» **Exercise requirements**
Take the line that contains "- Heavy Duty" and each one after it through the last line below, and retype them exactly. Leave out the pictures.

» **Provided data**
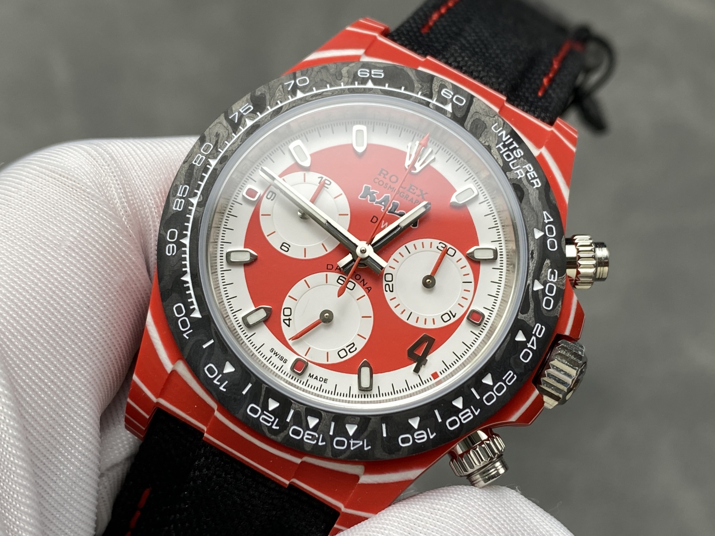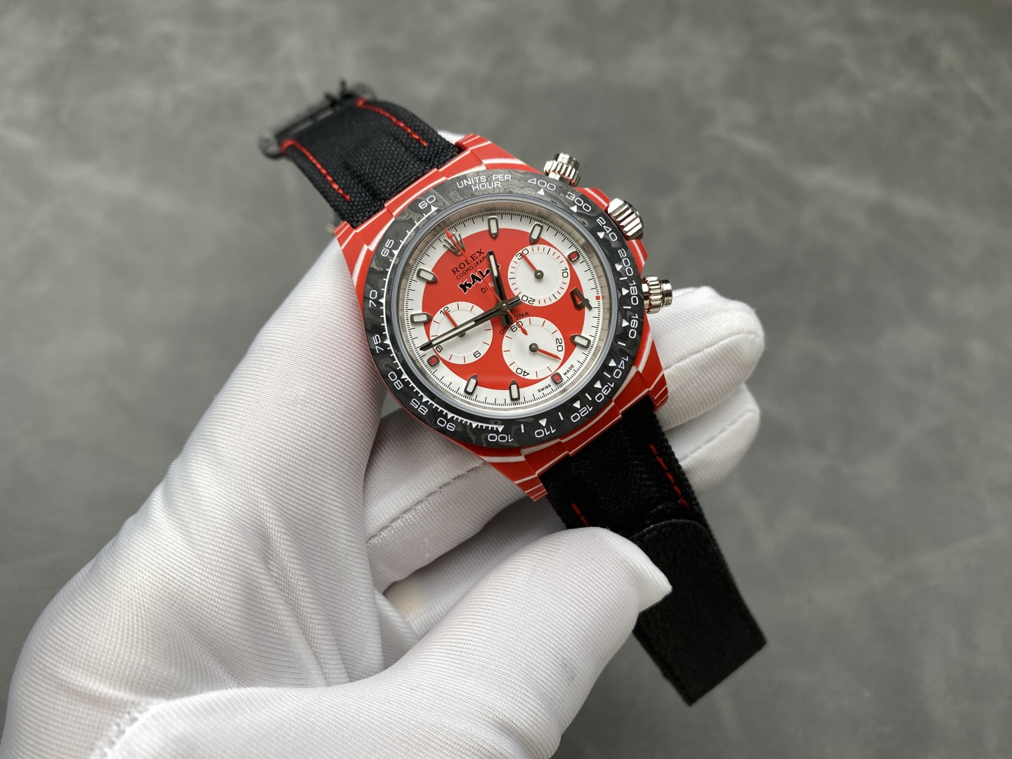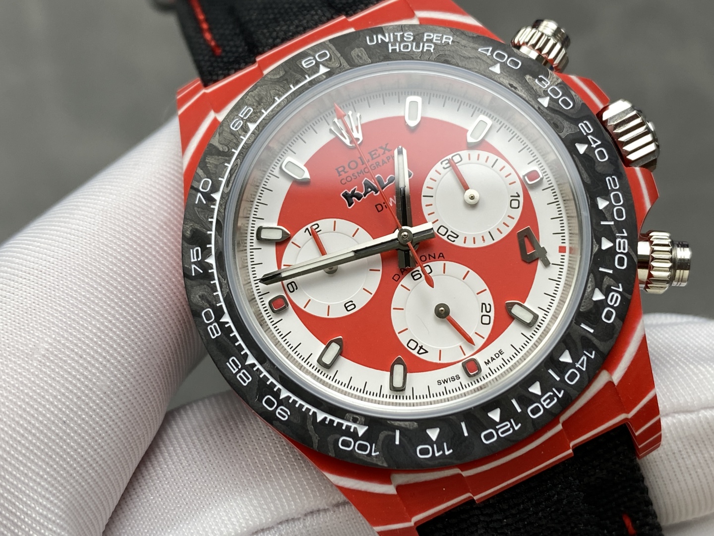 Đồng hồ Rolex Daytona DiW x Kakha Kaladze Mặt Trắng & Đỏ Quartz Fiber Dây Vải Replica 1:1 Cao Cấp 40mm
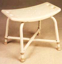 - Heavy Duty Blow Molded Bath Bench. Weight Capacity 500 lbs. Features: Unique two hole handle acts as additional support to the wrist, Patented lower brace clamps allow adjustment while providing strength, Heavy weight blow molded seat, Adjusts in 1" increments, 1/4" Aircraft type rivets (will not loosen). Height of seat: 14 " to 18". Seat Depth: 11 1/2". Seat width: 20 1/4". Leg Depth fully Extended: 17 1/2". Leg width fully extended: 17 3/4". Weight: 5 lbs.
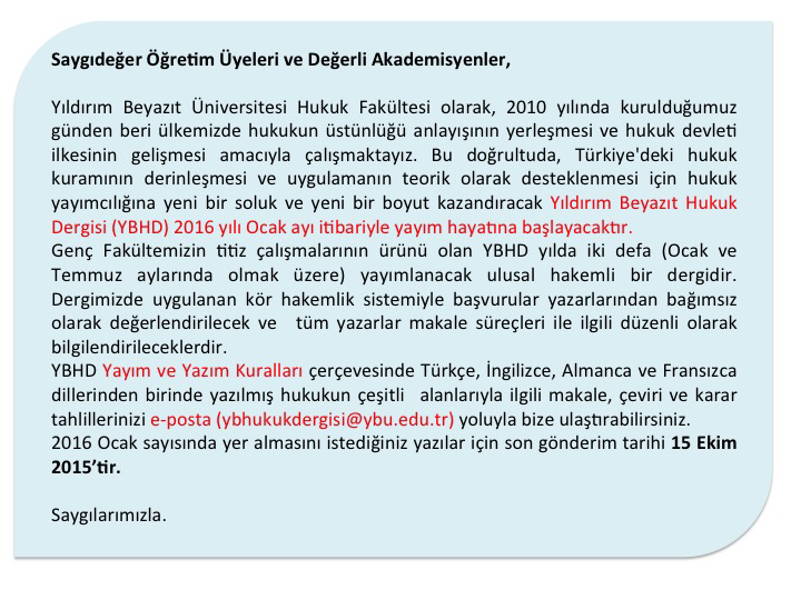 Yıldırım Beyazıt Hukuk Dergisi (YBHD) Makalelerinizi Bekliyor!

» **Response area**
 - Heavy Duty Blow Molded Bath Bench. Weight Capacity 500 lbs. Features: Unique two hole handle acts as additional support to the wrist, Patented lower brace clamps allow adjustment while providing strength, Heavy weight blow molded seat, Adjusts in 1" increments, 1/4" Aircraft type rivets (will not loosen). Height of seat: 14 " to 18". Seat Depth: 11 1/2". Seat width: 20 1/4". Leg Depth fully Extended: 17 1/2". Leg width fully extended: 17 3/4". Weight: 5 lbs.
 Yıldırım Beyazıt Hukuk Dergisi (YBHD) Makalelerinizi Bekliyor!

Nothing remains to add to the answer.